# Was ist rDesktop genau?!



## KamuiXY (13. April 2004)

Ich hab im net was für Linux gefunden, das sich "rDesktop" nennt.
Was kann man damit machen? Ist das soen Windows emulator oder sowas in der art?
Ich sehe da auf den screens immer nur das programm "rDesktop" mit einem kompletten windows darin, also Winprogramme die darin laufen.

Kann mir da einer helfen? ^^

thanks
cya


----------



## metalgear (13. April 2004)

Also genaues kann ich dir auch net sagen, aber ich hab mal ein bisschen danach gegoogelt. Hört sich für mich an wie so 'ne Art umfangreiches Wine.

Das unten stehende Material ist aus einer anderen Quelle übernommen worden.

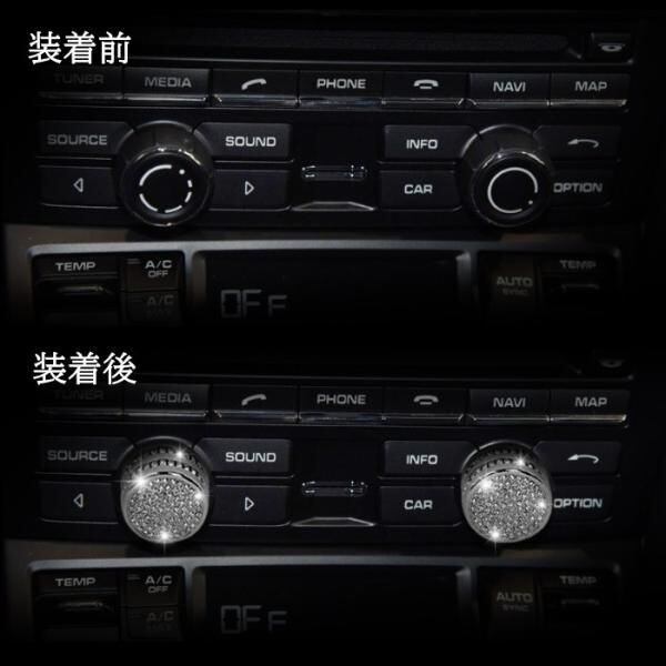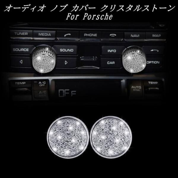 商品名:Porsche ポルシェ オーディオ ダイヤル カバー シルバー 2個セット クリスタルストーン トリム ボリューム コントローラー ラインストーン カスタムパーツ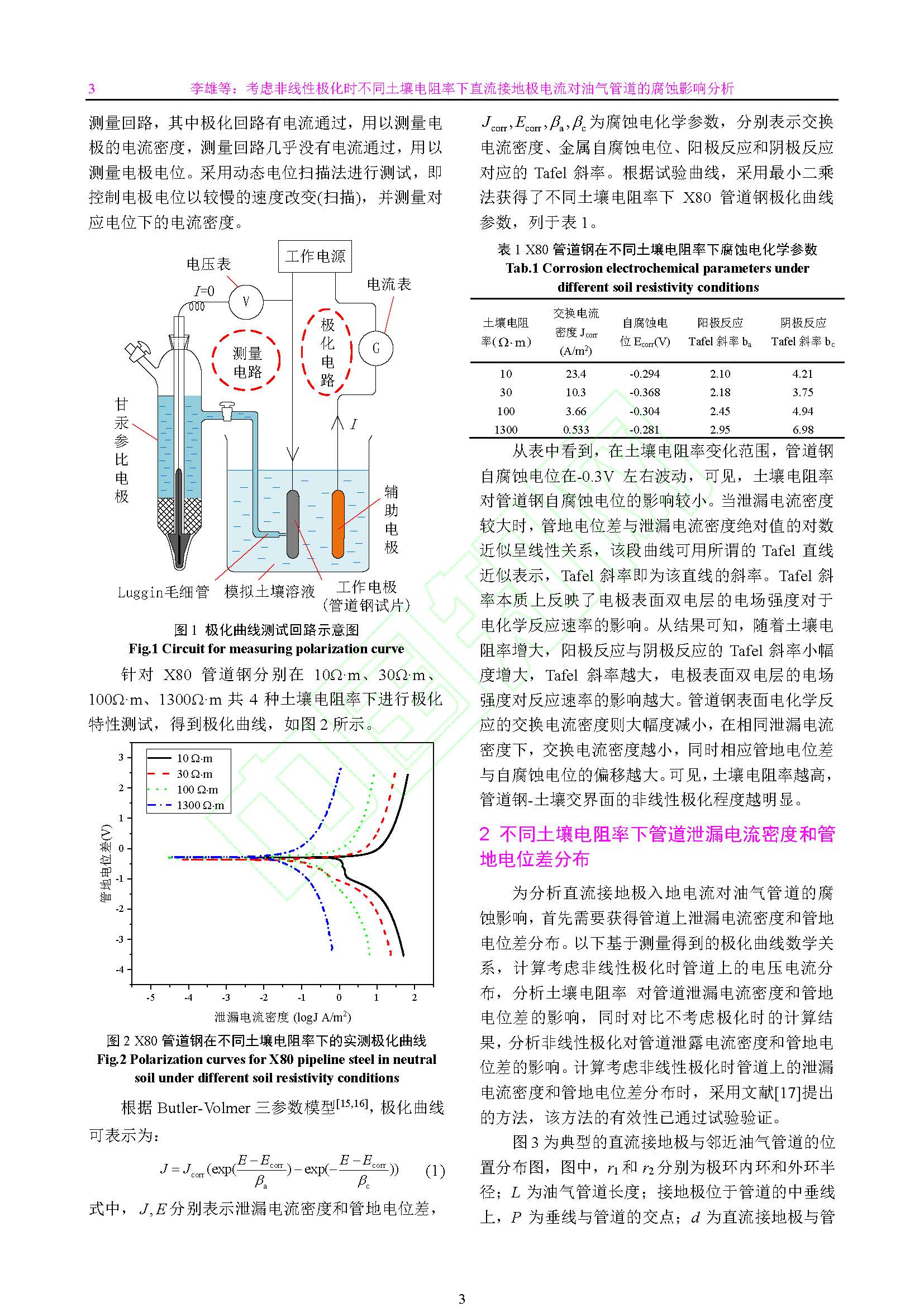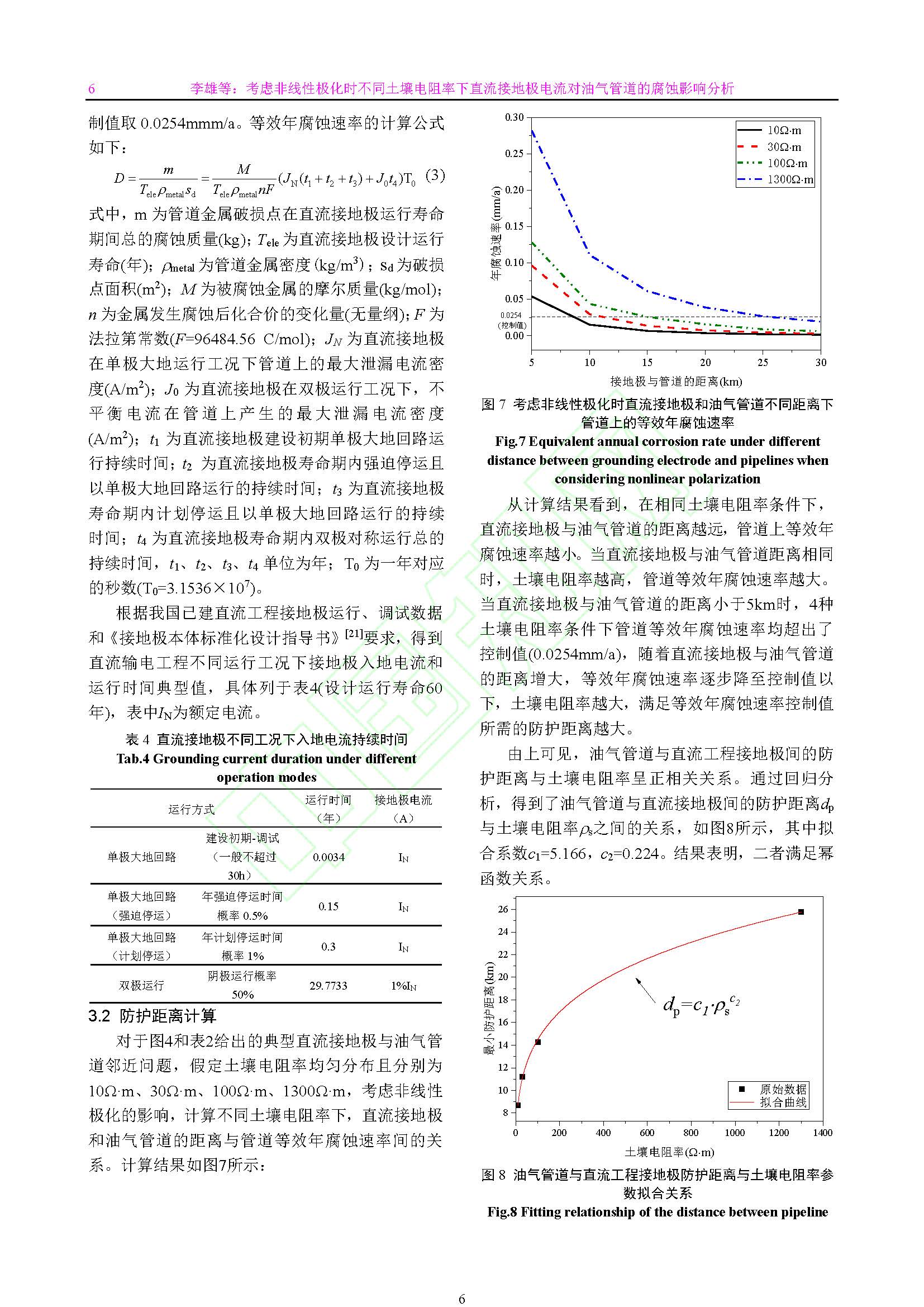 考虑非线性极化时不同土壤电阻率下直流接地极电流对油气管道的腐蚀影响分析

Schau am besten mal hier nach:

http://www.pro-linux.de/news/2002/4267.html


----------



## KamuiXY (13. April 2004)

genau das dachte ich mir auch in etwa 
vielen danke für die antwort!


----------



## mathiu (14. April 2004)

ne, das ist kein umfangreiches wine..jedenfalls soweit ich weiss..(vielleicht hat es ja noch verborgene Funktionen, die ich nicht kenne..)

Ich hab das verwendet, als Client für RemotDesktop auf W2k Servern..


----------